Intelligent Automation
RPA is steadily becoming part of an entire business ecosystem, which includes work done by both humans and non-humans.
“For the last five or so years, RPA has enabled organizations in all sectors to increase efficiencies, streamline their internal and customer-facing processes, and, perhaps most importantly, free up their highly-skilled employees from repetitive, low-value work,” Eric Tyree, head of research and AI for Blue Prism, explained to TechNewsWorld.
“Now, as the technology matures and the early adopter phase is truly over, organizations are looking for more. We will see a seamless mix of digital workers, human workers, and ever-evolving systems,” he said.
Intelligent automation, in other words, is becoming perpetually intelligent.
“Business leaders are recognizing the potential for intelligent automation, where RPA technology is integrated with AI capabilities, to become a strategic lever for widescale transformation, innovation, and competitive difference.
“Organizations are starting with their big ambition and working backward from there. We’ll start to see significant numbers of organizations moving towards this automation-first approach,” said Tyree.

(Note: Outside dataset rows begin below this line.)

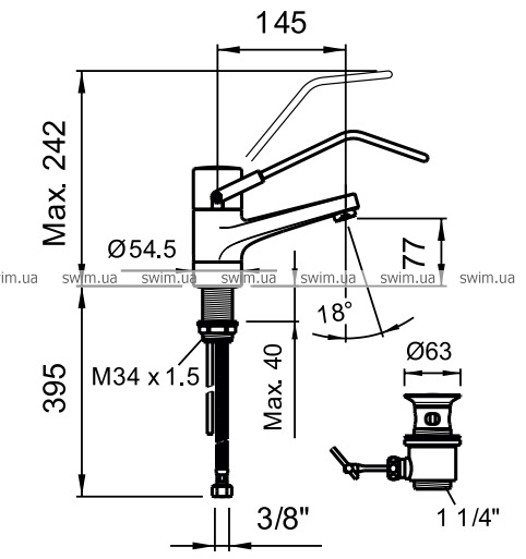 - Фиксированный излив 110 мм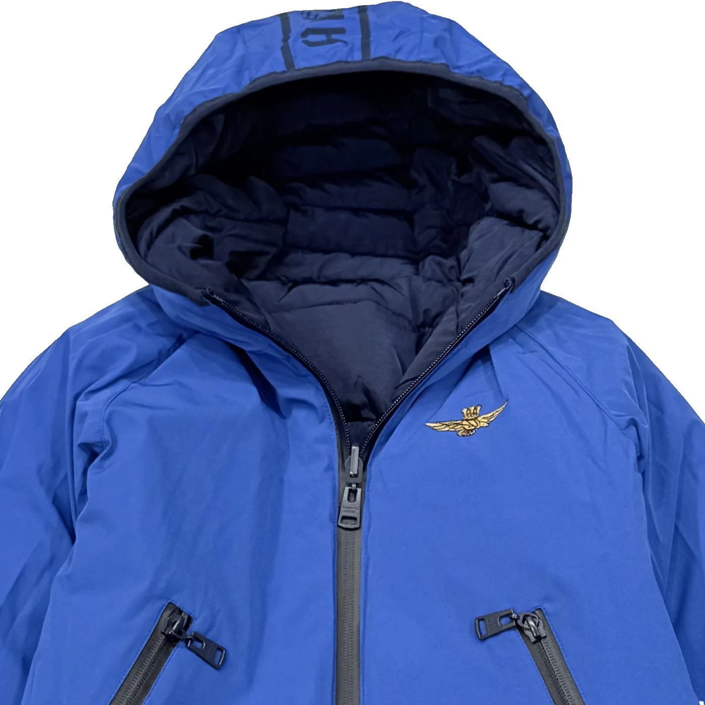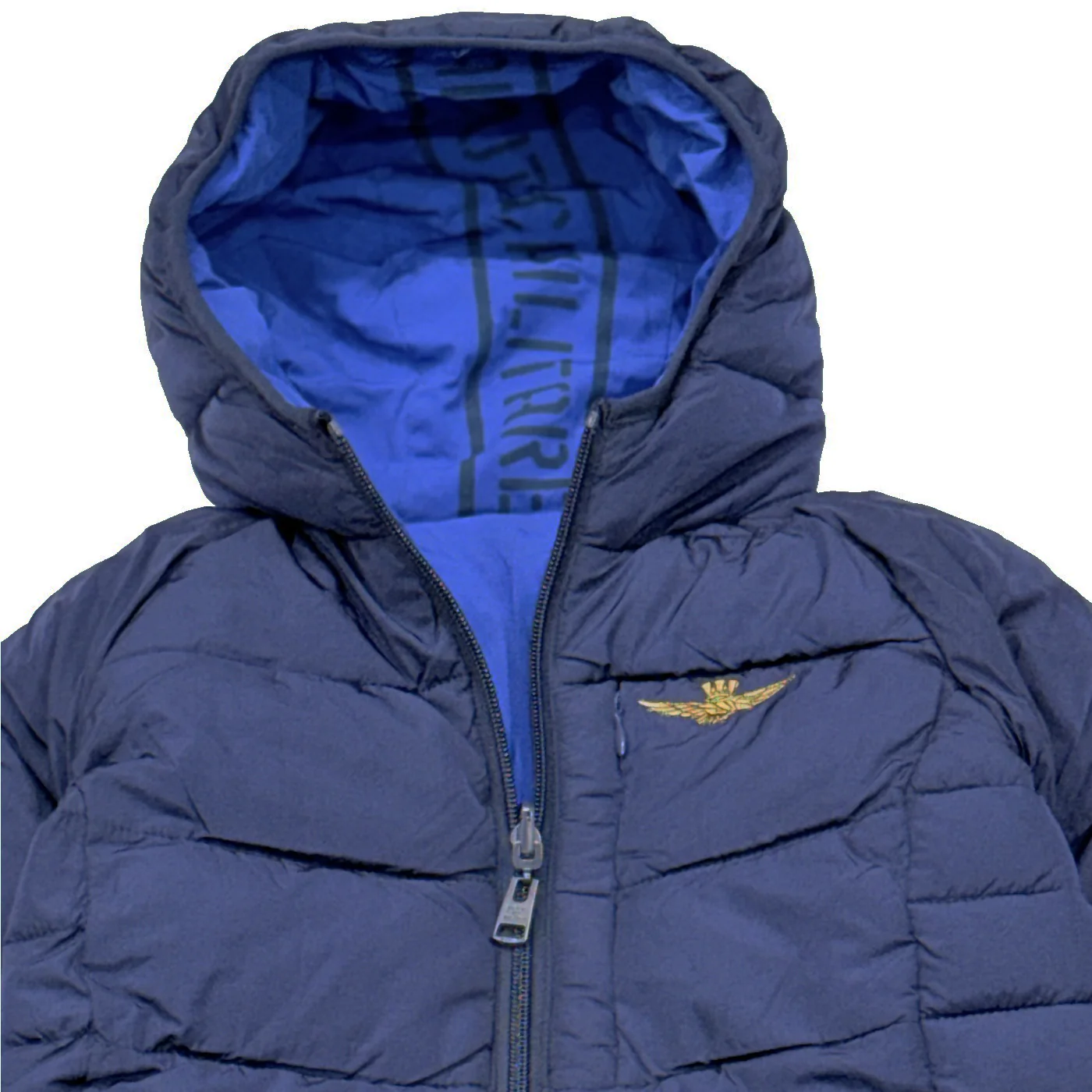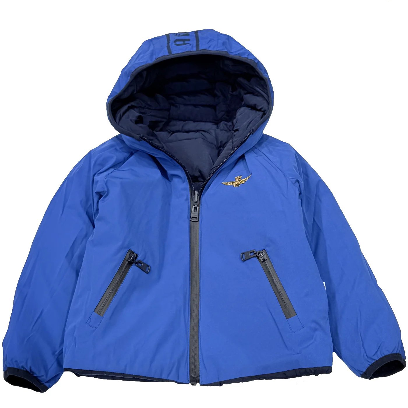 Aeronautica Militare giubbino double-face bambino blu Cappuccio fisso Lato trapuntato blu Lato liscio blu royal Ricamo logo lato cuore Tasche e chiusura con cernieraComposizione: 100% poliestereMade in CinaCollezione Autunno Inverno Vestibilitร :Taglia Etร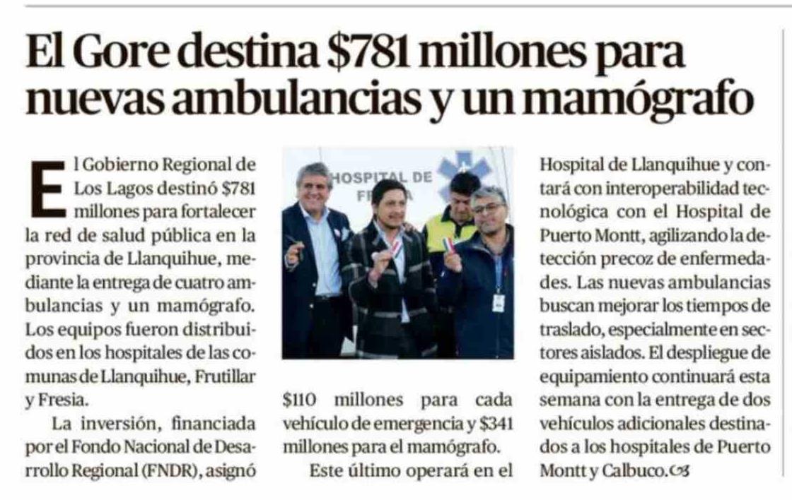 El Gore destina $781 millones para nuevas ambulancias y un mamógrafo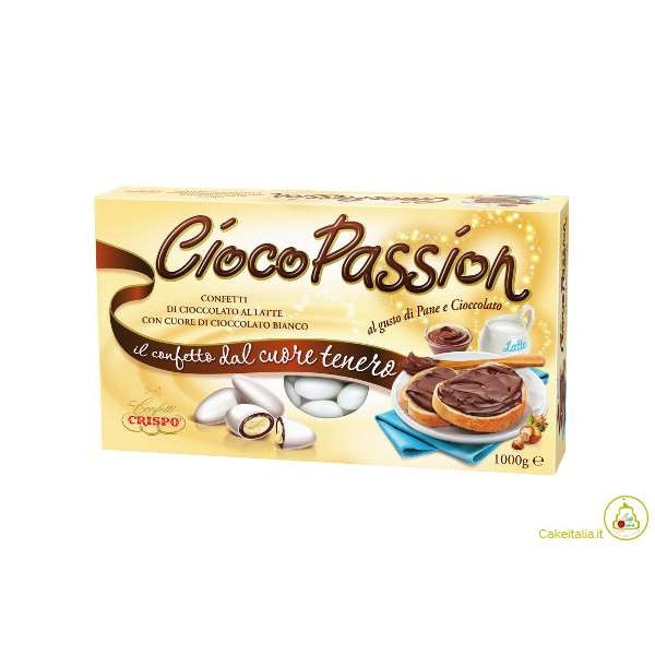 Ciocopassion pane e cioccolato Crispo 1 Kg: confetti bianchi al cioccolato al latte con cuore di cioccolato bianco al gusto di pane e cioccolato, in confezione da 1000 g.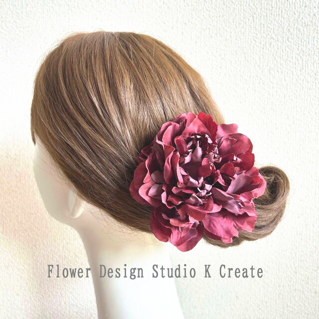 ボルドーのピオニーのヘッドドレス 髪飾り Uピン フローレス フラメンコ 浴衣 髪飾り ピオニー ダンス

Ultimately, RPA can help businesses as a whole, as it frees up human employees to do things that humans do best — like thinking creatively and solving problems.
“RPA is evolving to become even more democratized, thereby unlocking automation’s potential at scale to transform the way people work,” said Kahlon. “With the rollout of more low-code and no-code solutions, those with less tech experience can increasingly harness the technology’s capabilities to optimize their workloads.
“Instead of relying on IT support, they can design their automation applications that make sense to their unique roles,” he reasoned. “The more employees who can take advantage of automation, the closer their organization comes to becoming a fully automated enterprise.”